*What is required:* Reproduce the whole listing exactly and let no picture into the copy.

*Supplied data:*
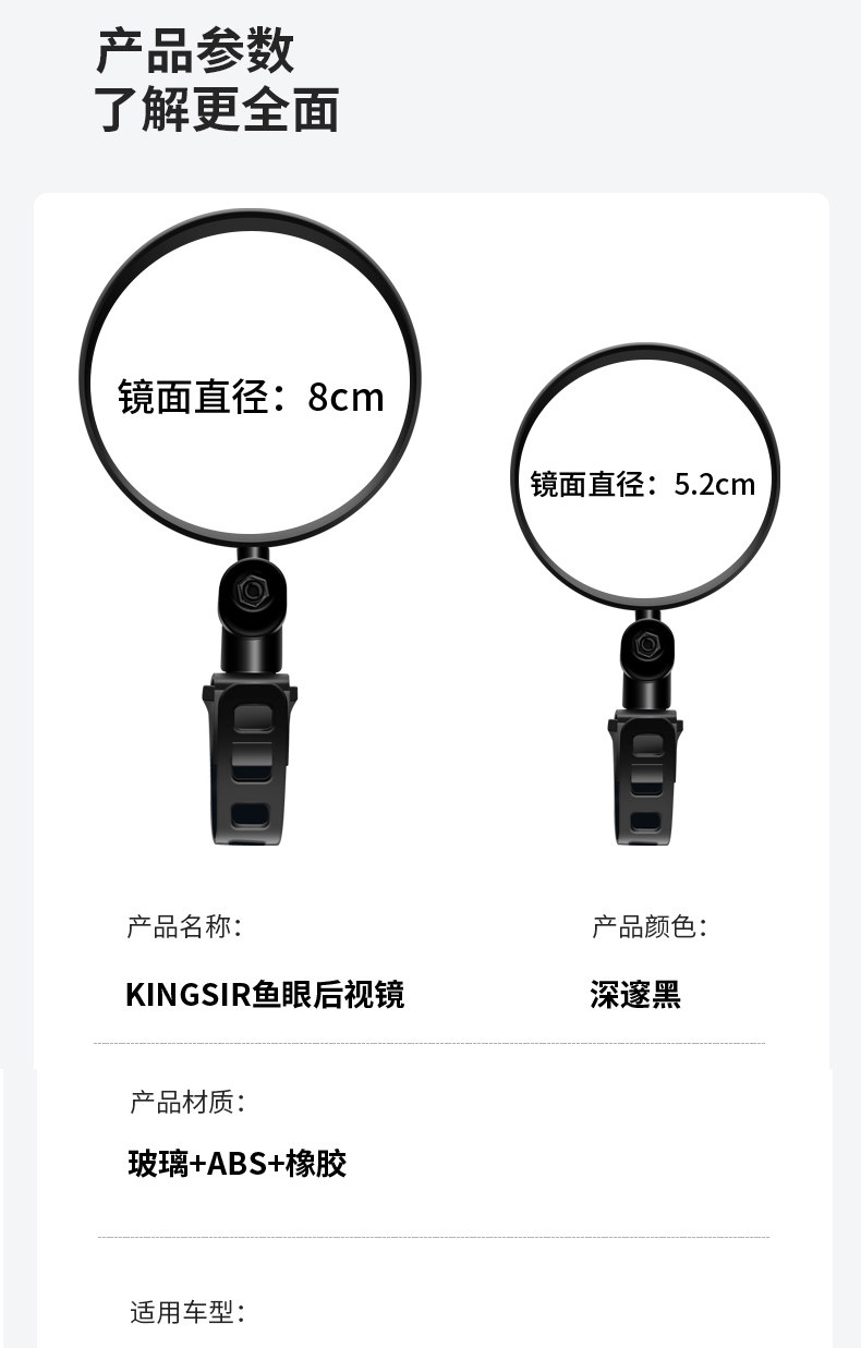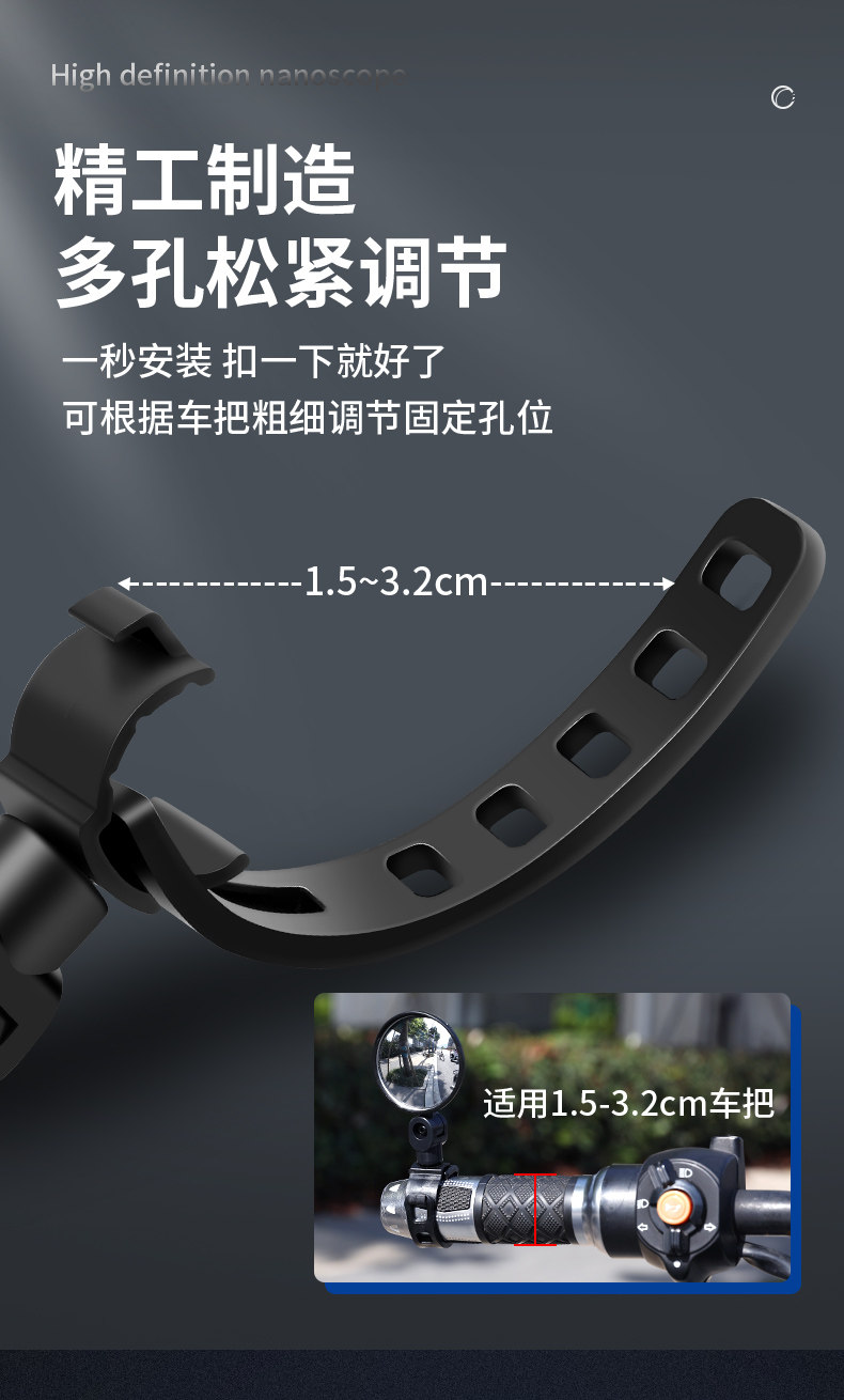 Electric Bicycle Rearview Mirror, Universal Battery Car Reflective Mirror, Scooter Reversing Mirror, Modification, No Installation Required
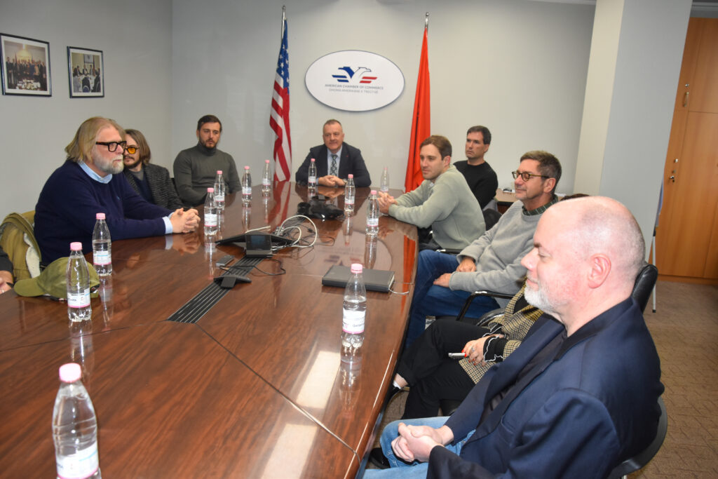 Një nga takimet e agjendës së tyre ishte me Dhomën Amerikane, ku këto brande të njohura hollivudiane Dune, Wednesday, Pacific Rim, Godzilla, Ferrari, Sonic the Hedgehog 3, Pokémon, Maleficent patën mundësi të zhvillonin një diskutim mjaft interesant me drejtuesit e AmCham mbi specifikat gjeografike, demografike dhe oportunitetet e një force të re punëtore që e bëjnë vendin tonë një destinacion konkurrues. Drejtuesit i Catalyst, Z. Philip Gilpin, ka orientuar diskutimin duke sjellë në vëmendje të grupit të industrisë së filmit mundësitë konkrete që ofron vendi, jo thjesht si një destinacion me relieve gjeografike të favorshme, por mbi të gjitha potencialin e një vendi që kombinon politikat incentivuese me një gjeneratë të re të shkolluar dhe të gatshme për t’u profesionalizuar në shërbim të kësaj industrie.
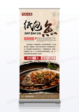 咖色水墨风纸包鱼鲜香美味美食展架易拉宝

*Response area:*
 Electric Bicycle Rearview Mirror, Universal Battery Car Reflective Mirror, Scooter Reversing Mirror, Modification, No Installation Required
 Një nga takimet e agjendës së tyre ishte me Dhomën Amerikane, ku këto brande të njohura hollivudiane Dune, Wednesday, Pacific Rim, Godzilla, Ferrari, Sonic the Hedgehog 3, Pokémon, Maleficent patën mundësi të zhvillonin një diskutim mjaft interesant me drejtuesit e AmCham mbi specifikat gjeografike, demografike dhe oportunitetet e një force të re punëtore që e bëjnë vendin tonë një destinacion konkurrues. Drejtuesit i Catalyst, Z. Philip Gilpin, ka orientuar diskutimin duke sjellë në vëmendje të grupit të industrisë së filmit mundësitë konkrete që ofron vendi, jo thjesht si një destinacion me relieve gjeografike të favorshme, por mbi të gjitha potencialin e një vendi që kombinon politikat incentivuese me një gjeneratë të re të shkolluar dhe të gatshme për t’u profesionalizuar në shërbim të kësaj industrie.
 咖色水墨风纸包鱼鲜香美味美食展架易拉宝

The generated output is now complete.